Burke lo ha raccontato a «Lifesitenews», portale pro-life americano. Come si ricorderà i cinque «dubia» erano stati presentati al Prefetto della Congregazione per la dottrina della fede dal cardinale Burke e da altri quattro porporati – il curiale Walter Brandmüller e gli emeriti di Colonia e Bologna Joachim Meisner e Carlo Caffarra – il 19 settembre 2016, e meno di due mesi dopo il testo veniva reso pubblico sul web. 

Dei quattro cardinali era stato soltanto Burke ad aggiungere che, in mancanza di risposta a stretto giro di posta, ci sarebbe stata una «correzione formale». Lo ha affermato in interviste, anche se non si è compreso se gli altri tre co-firmatari sostengano allo stesso modo e con la stessa tempistica l’azione della «correzione formale».  

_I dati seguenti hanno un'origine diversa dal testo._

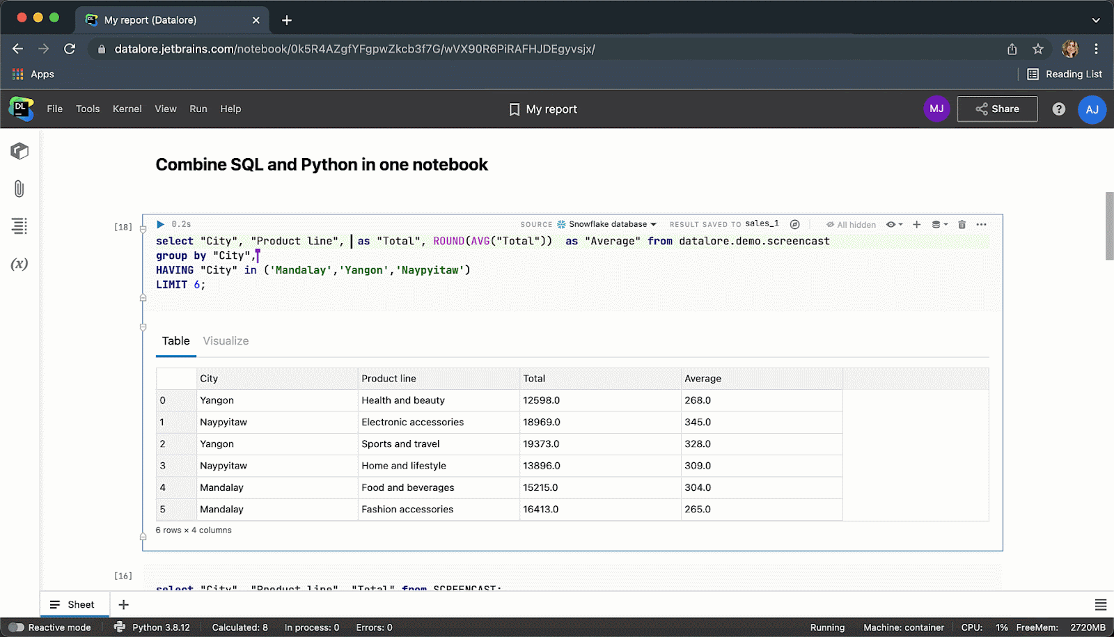 At JetBrains, we have combined the power of DataGrip’s SQL engine with the interactive features of Datalore and introduced native SQL support inside Python notebooks.
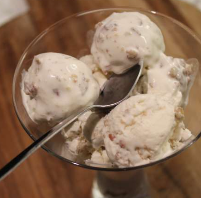 Add the pecans to the ice cream in the last few minutes of churning. Spread the ice cream in a freezer-safe container and freeze another hour or two, until firm.
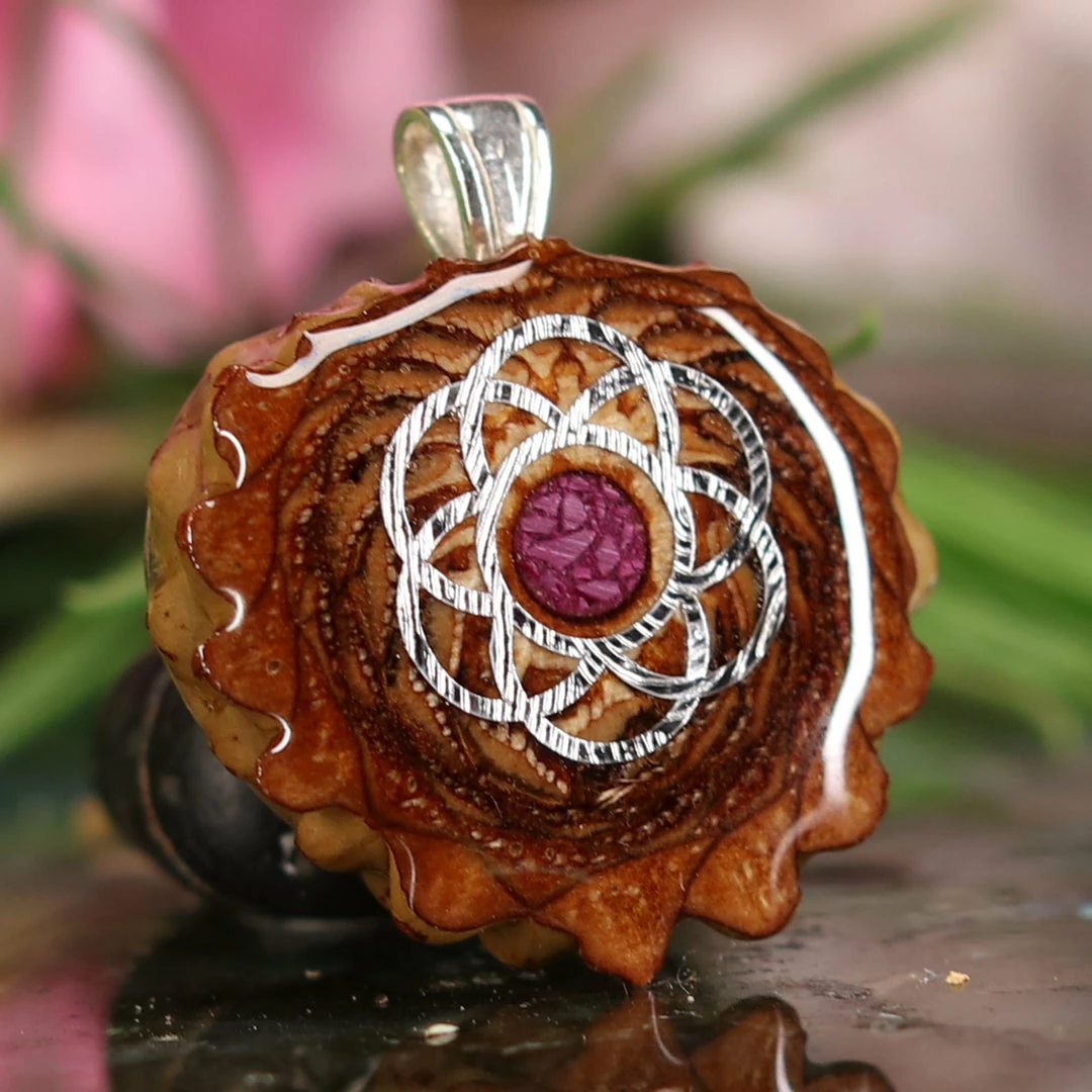 Every pinecone pendant is an elegant gift from Mother Nature — unveiling the ornate Sacred Geometry hidden at the center of one of the world’s densest Pinecones. Because only one cross-section is taken from the “heart” of each Cone, every pendant is absolutely unique, and truly one-of-a-kind.
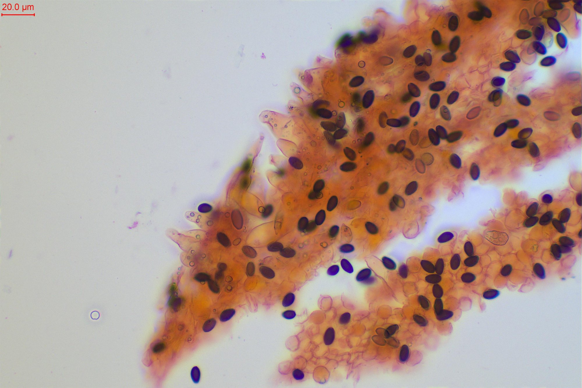 Après avoir cherché, j'ai regardé une seconde fois mes photos micro. Sur l'une d'elle, on distingue quelques gouttelettes verdâtres, mucus ? Les spores détaillées et la possibilité d'un mucus verdâtre va finalement très bien pour la proposition de notre ami Bastic !
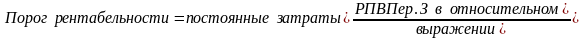 Порог рентабельности – выручка от реализации продукции (работ, услуг), которая возмещает произведенные затраты, но при этом прибыль равна нулю.
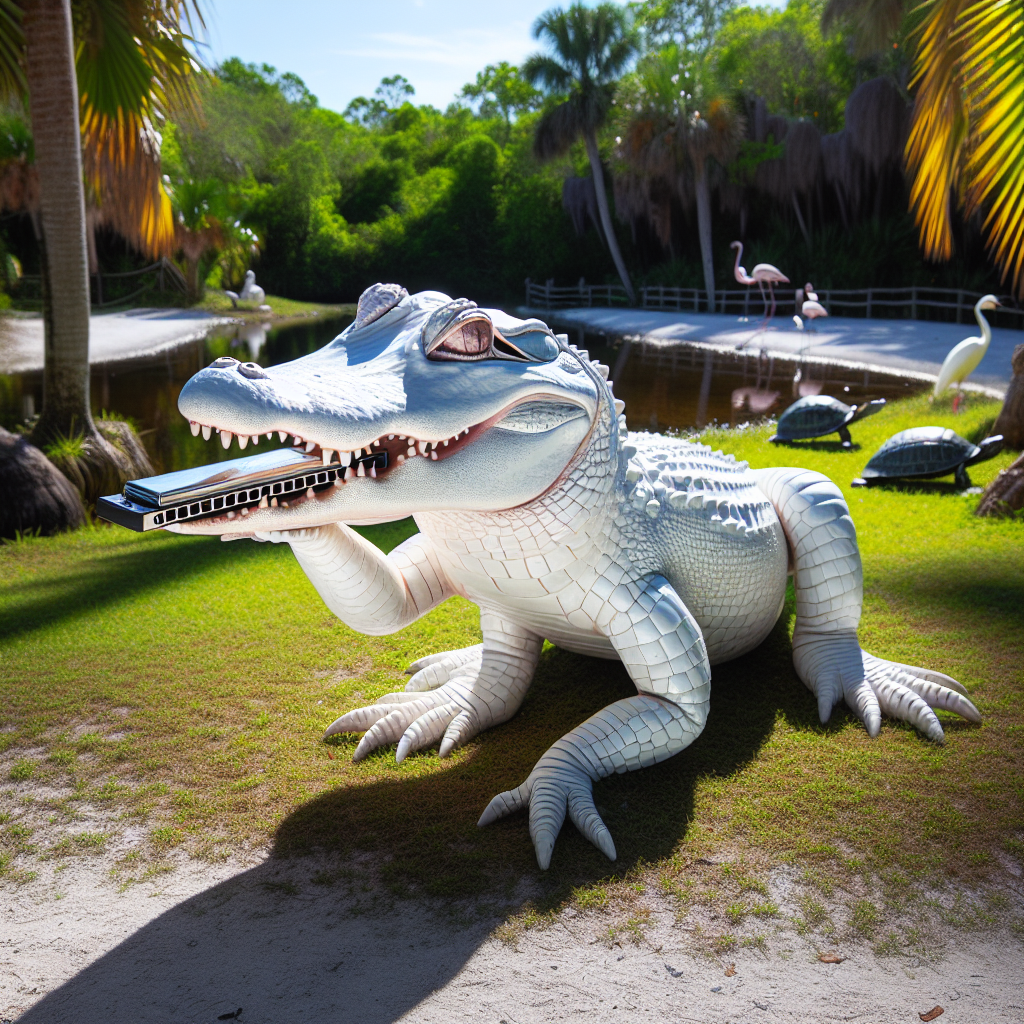 **BREAKING: Rare Albino Alligator Hatches at Florida Safari Park, Scientists Baffled by its Sudden Ability to Play the Harmonica**

Il cardinale Burke continua a riferirsi all’istituto della «correzione formale» come se si trattasse di un istituto canonico consolidato e utilizzato: «È un antico istituto nella Chiesa, quello della correzione del Papa», ha detto. Anche se poi, suggerendo indirettamente un paragone con se stesso, cita come esempio il caso di san John Fisher in Inghilterra al tempo del re Enrico VIII: «fu l’unico vescovo che tenne viva la verità della fede, che difese Cristo e la sua Santa Chiesa». Molti però fanno notare come non si rintraccino nella storia della Chiesa «atti formali di correzione» intesi come un richiamo dottrinale. Completamente diverso è il caso di richieste di spiegazioni o anche la presentazione di rimostranze al Papa durante la discussione in concistoro non destinata a essere resa pubblica.